YOUR ASSIGNMENT:
Every line of the listing belongs in your answer exactly as written; the images do not.

*** Block opens ***

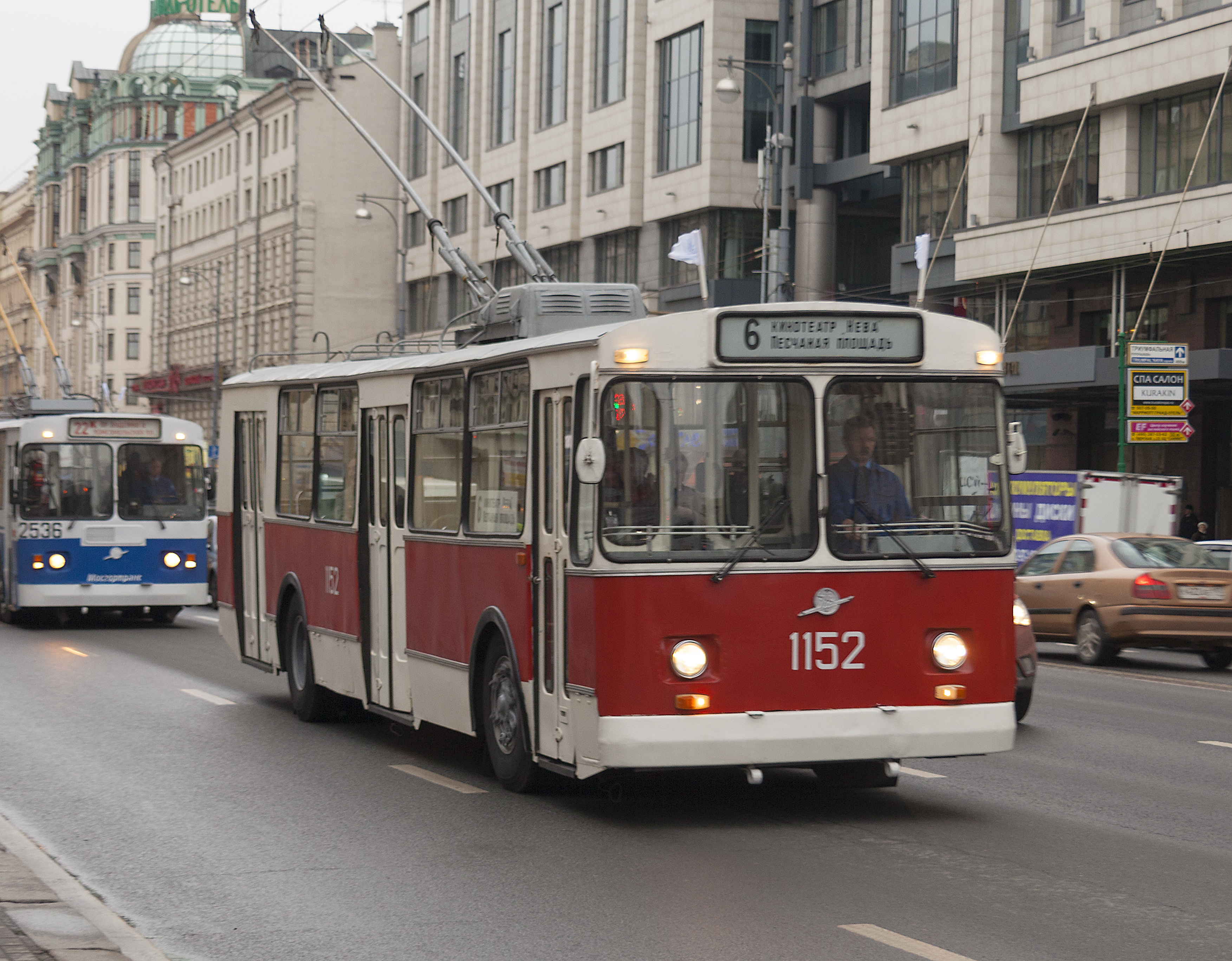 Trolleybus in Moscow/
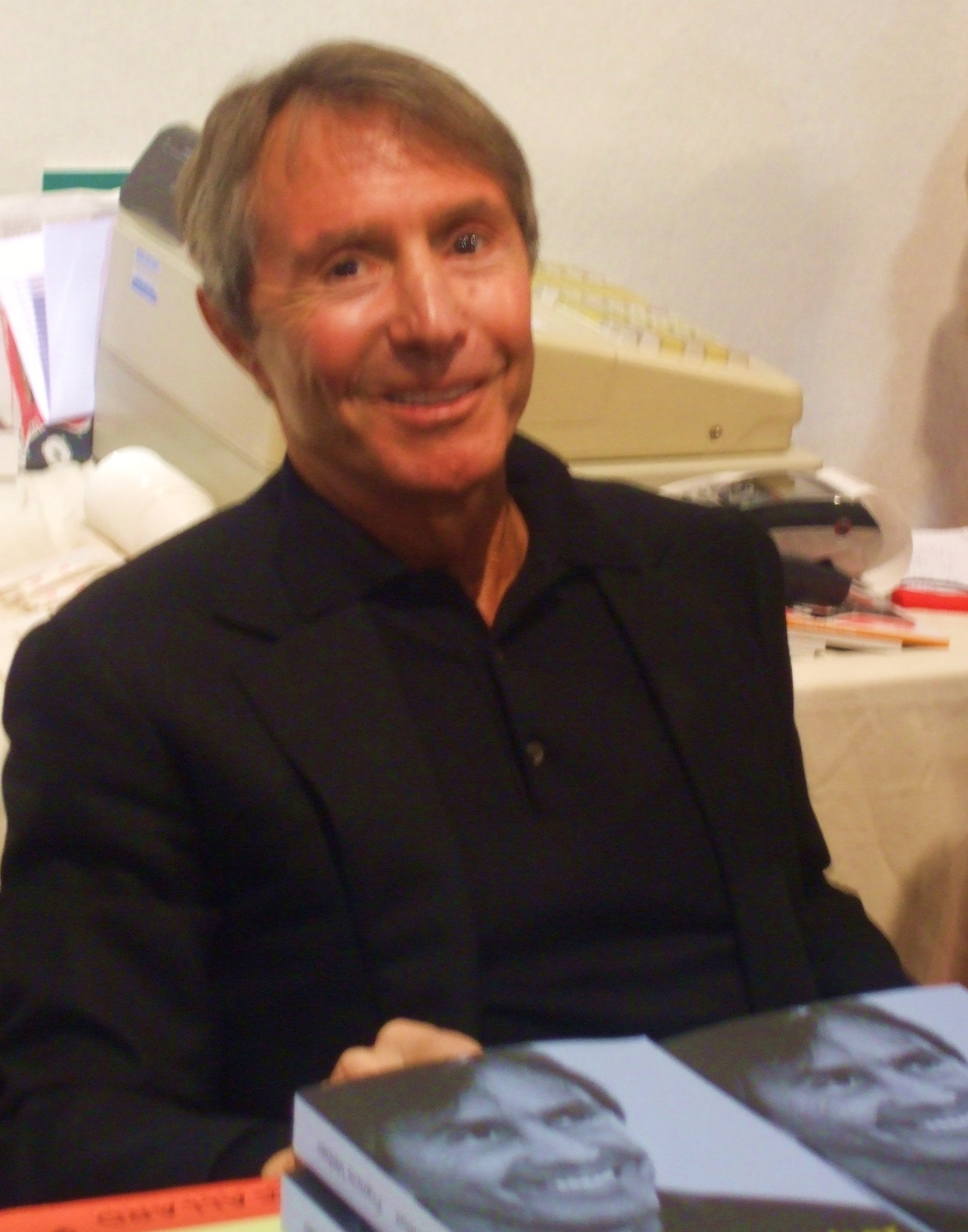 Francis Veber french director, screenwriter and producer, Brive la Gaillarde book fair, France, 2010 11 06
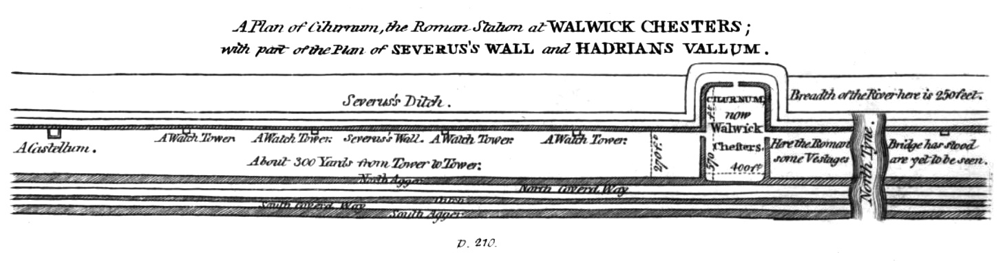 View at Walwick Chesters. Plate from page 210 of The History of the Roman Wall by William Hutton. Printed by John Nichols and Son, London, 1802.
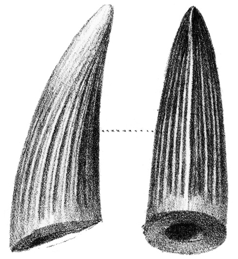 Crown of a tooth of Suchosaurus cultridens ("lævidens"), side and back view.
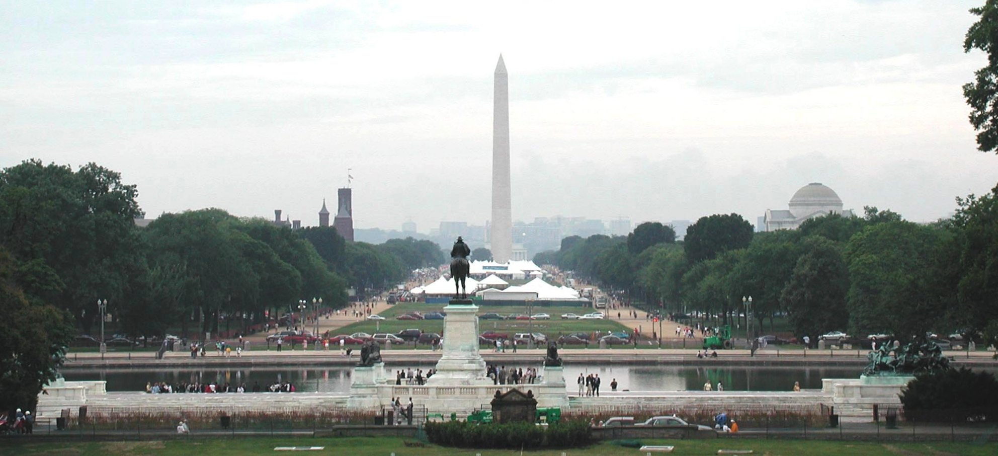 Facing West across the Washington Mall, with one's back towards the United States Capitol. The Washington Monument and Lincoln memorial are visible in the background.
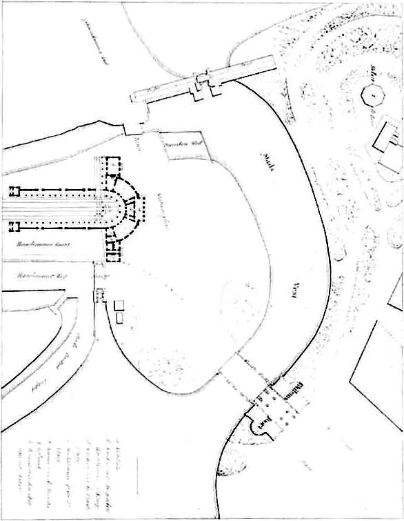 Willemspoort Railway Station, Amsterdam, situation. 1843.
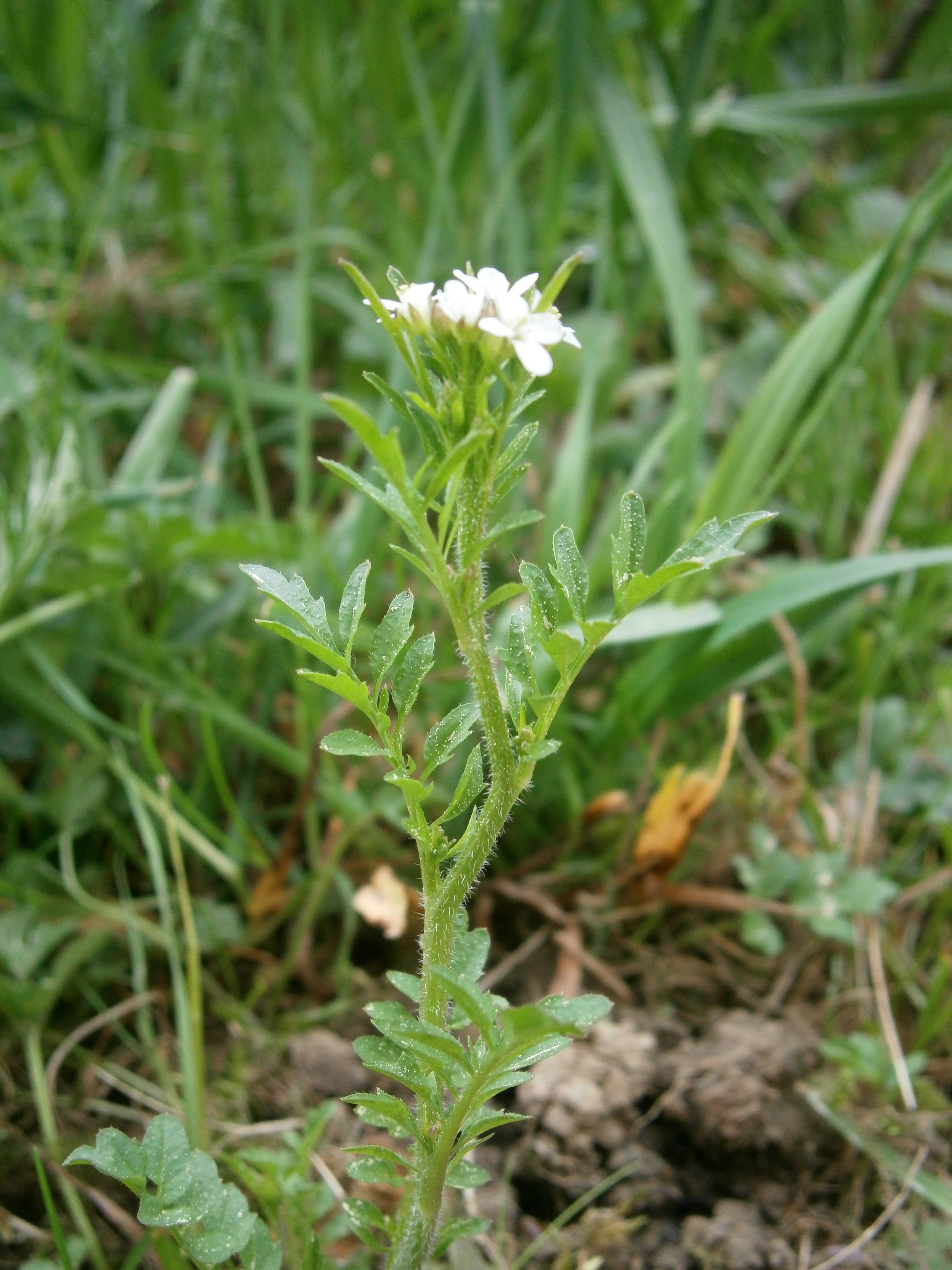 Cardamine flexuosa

*** Block closes ***

EXPECTED OUTPUT:
 Trolleybus in Moscow/
 Francis Veber french director, screenwriter and producer, Brive la Gaillarde book fair, France, 2010 11 06
 View at Walwick Chesters. Plate from page 210 of The History of the Roman Wall by William Hutton. Printed by John Nichols and Son, London, 1802.
 Crown of a tooth of Suchosaurus cultridens ("lævidens"), side and back view.
 Facing West across the Washington Mall, with one's back towards the United States Capitol. The Washington Monument and Lincoln memorial are visible in the background.
 Willemspoort Railway Station, Amsterdam, situation. 1843.
 Cardamine flexuosa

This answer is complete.